Les décorations furent retirées et le monde replongea dans le gris de janvier. Je restais derrière le comptoir, servais du café à des passants somnolents et essuyais le ketchup sur des tables qui ne restaient jamais propres longtemps. Parfois, le soir, je repensais à cet homme et aux deux fillettes souriantes — et à ce « hamburger d’anniversaire » qui s’était révélé être bien plus qu’un simple repas.

Un mardi après-midi tranquille, j’entendis mon nom dans les haut-parleurs :

— Mademoiselle Carter, veuillez vous présenter à la caisse.

Mon estomac se noua.
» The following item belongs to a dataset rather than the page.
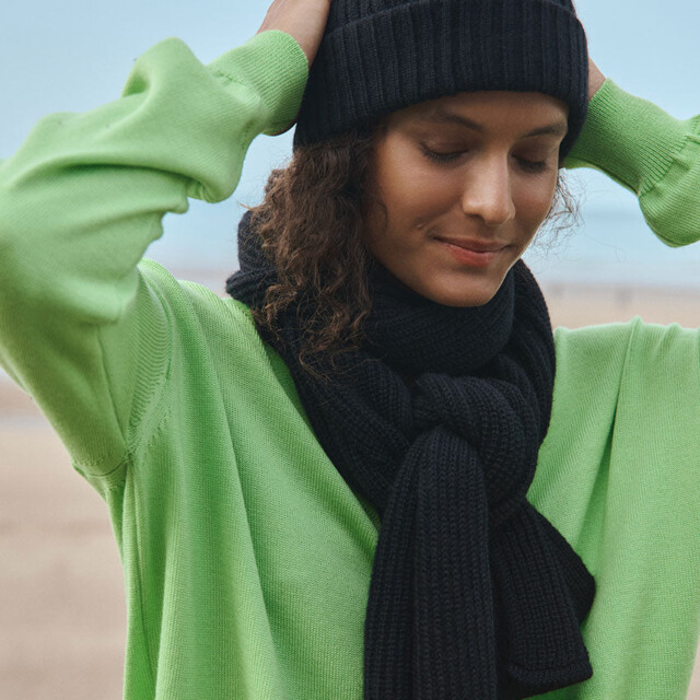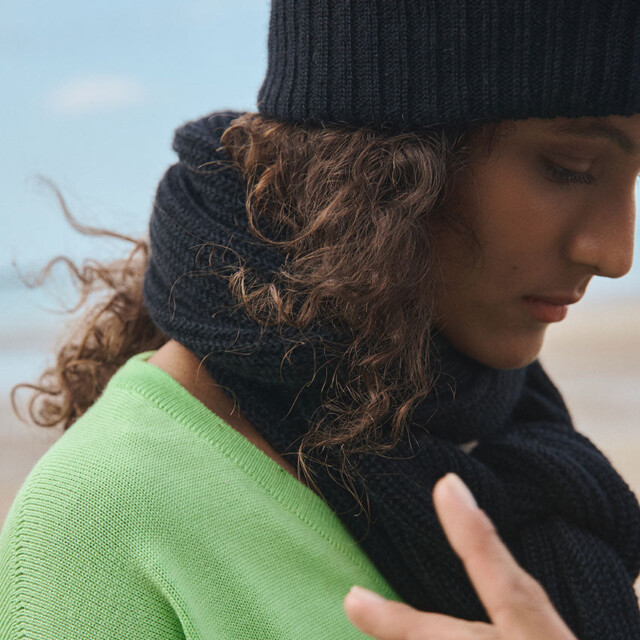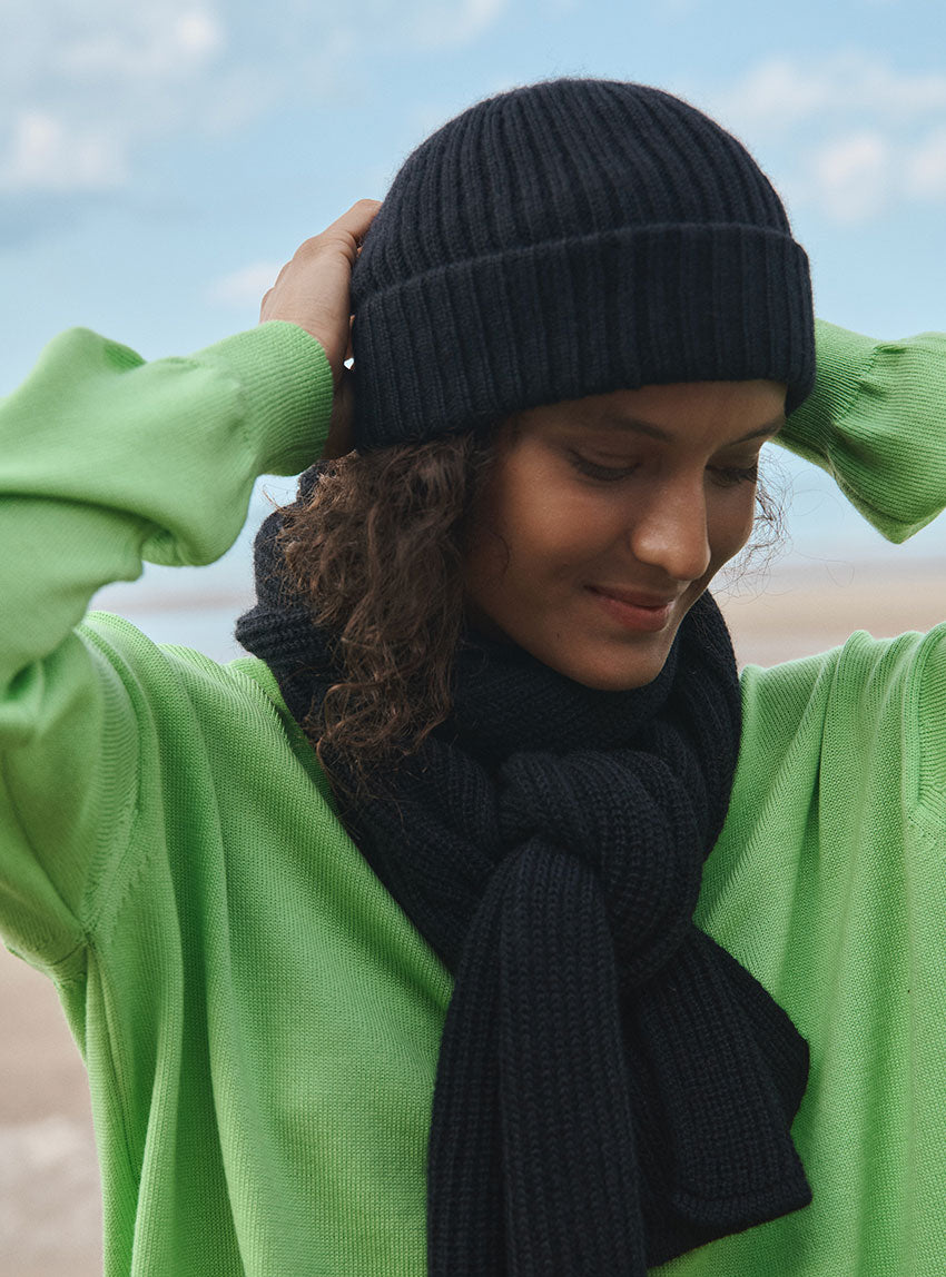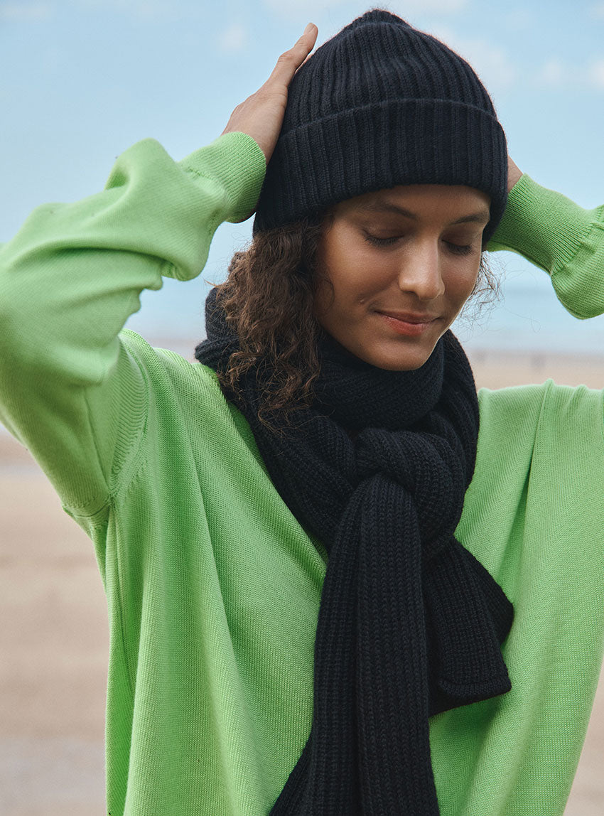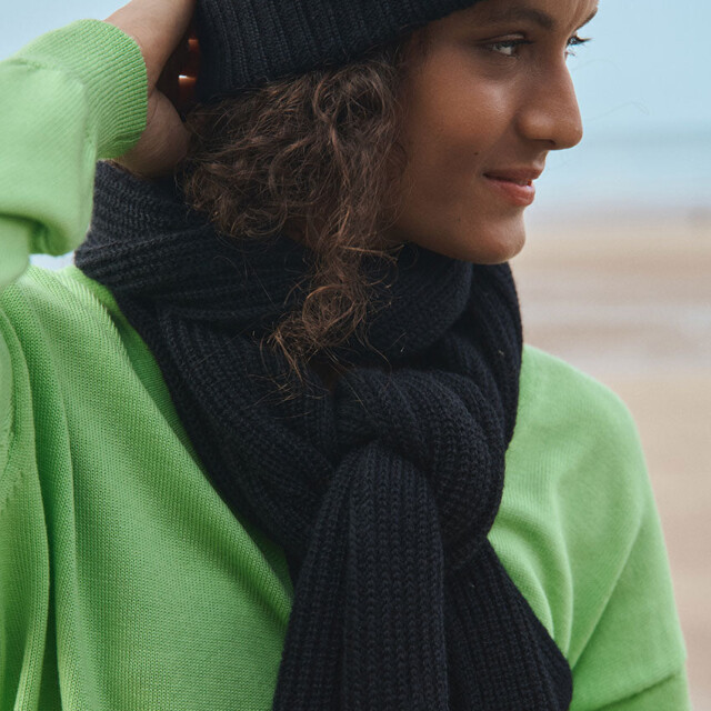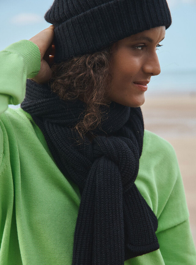 Le bonnet Ambre en noir combine chaleur et style dans une maille côtelée douce en mohair. Son double revers assure un maintien parfait tout en ajoutant du volume pour une allure moderne. Un accessoire indispensable pour traverser l’hiver avec élégance sans compromis sur le confort

Cette voix calme et grave appartenait à monsieur Peterson — il parlait ainsi quand quelqu’un avait des ennuis.

Je repensai aussitôt à cette soirée.

« Quelqu’un a porté plainte… ou les caméras ont tout enregistré », pensai-je.

Le cœur battant, je posai mon chiffon, ajustai mon tablier et m’approchai de la caisse. Monsieur Peterson s’y tenait, accompagné d’un homme que je ne reconnus pas immédiatement. Il était bien habillé, se tenait droit et tenait un petit sac cadeau.

Un instant, je crus qu’il s’agissait d’un contrôleur.

Puis il sourit — et je compris qui il était.

— Bonjour — dit-il. — Je ne sais pas si tu te souviens de moi.

Je rougis.

— Je… je me souviens du hamburger d’anniversaire.

Il rit doucement.

— Oui. Cette soirée-là… fut la plus difficile de ma vie. Je venais de perdre mon travail. Ma femme était décédée deux ans plus tôt, et j’essayais simplement de survivre aux fêtes pour mes filles.

— Je suis vraiment désolée — dis-je.